[Start of Attachment]
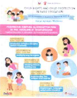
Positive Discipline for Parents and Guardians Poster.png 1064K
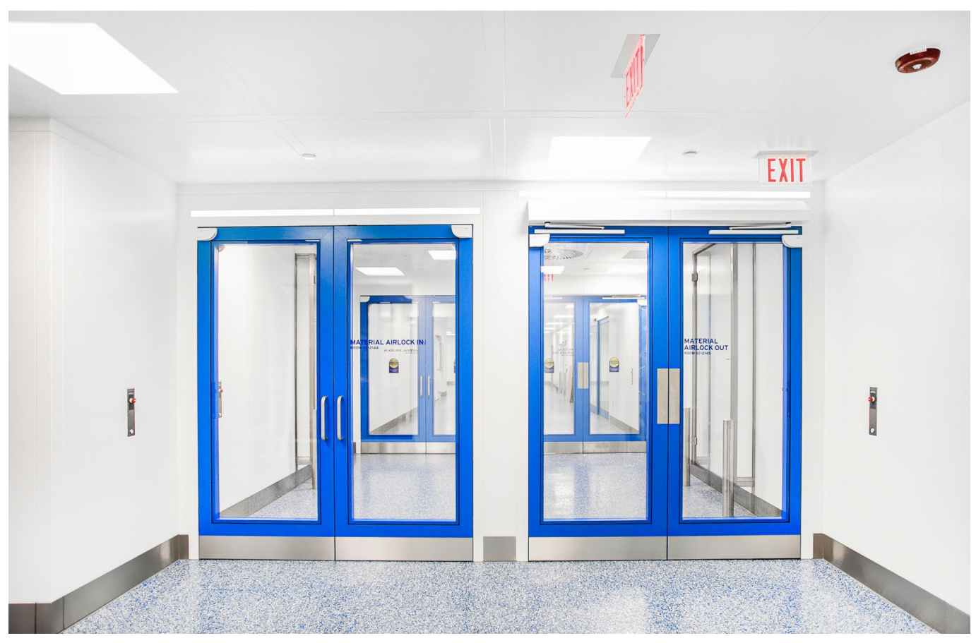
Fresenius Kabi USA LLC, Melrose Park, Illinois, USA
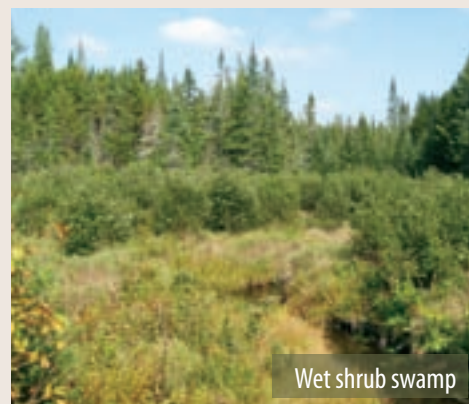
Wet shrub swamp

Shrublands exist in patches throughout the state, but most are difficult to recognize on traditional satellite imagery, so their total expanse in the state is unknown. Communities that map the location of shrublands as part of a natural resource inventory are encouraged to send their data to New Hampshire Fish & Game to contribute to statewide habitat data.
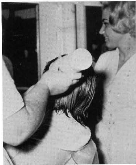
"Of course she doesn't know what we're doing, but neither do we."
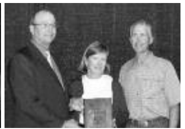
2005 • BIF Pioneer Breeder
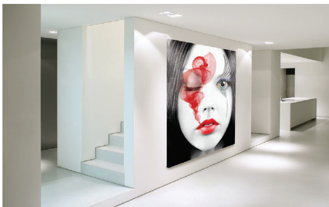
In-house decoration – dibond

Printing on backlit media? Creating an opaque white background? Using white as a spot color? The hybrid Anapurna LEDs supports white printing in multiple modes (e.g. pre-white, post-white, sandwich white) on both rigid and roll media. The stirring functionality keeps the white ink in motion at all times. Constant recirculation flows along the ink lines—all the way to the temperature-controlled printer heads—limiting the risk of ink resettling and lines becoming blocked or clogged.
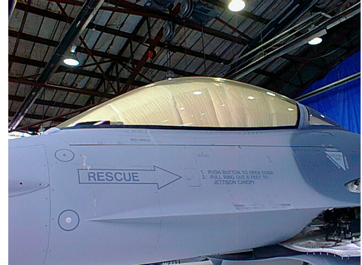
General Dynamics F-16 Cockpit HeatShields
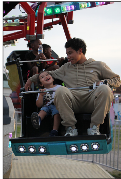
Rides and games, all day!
[End of Attachment]
[Start of Attachment]
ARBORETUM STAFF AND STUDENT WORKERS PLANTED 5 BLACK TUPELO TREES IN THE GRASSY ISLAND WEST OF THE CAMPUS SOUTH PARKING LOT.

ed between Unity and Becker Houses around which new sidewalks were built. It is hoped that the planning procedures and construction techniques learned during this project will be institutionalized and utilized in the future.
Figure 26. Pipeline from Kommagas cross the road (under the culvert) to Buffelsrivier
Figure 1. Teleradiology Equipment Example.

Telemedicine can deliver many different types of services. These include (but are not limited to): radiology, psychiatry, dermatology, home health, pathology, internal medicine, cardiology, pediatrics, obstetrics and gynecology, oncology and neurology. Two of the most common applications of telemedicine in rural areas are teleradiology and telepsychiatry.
[End of Attachment]
[Start of Attachment]
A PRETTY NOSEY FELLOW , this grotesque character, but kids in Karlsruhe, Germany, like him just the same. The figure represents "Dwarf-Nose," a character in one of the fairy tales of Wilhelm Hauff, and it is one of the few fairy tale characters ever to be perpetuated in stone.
[End of Attachment]
Exercise directions:
Copy exactly the lines of the entries above from the one containing "Fresenius Kabi USA" through the one containing "Rides and games, all day!". Both end lines count; pictures do not.

Task solution:
Fresenius Kabi USA LLC, Melrose Park, Illinois, USA
Wet shrub swamp

Shrublands exist in patches throughout the state, but most are difficult to recognize on traditional satellite imagery, so their total expanse in the state is unknown. Communities that map the location of shrublands as part of a natural resource inventory are encouraged to send their data to New Hampshire Fish & Game to contribute to statewide habitat data.
"Of course she doesn't know what we're doing, but neither do we."
2005 • BIF Pioneer Breeder
In-house decoration – dibond

Printing on backlit media? Creating an opaque white background? Using white as a spot color? The hybrid Anapurna LEDs supports white printing in multiple modes (e.g. pre-white, post-white, sandwich white) on both rigid and roll media. The stirring functionality keeps the white ink in motion at all times. Constant recirculation flows along the ink lines—all the way to the temperature-controlled printer heads—limiting the risk of ink resettling and lines becoming blocked or clogged.
General Dynamics F-16 Cockpit HeatShields
Rides and games, all day!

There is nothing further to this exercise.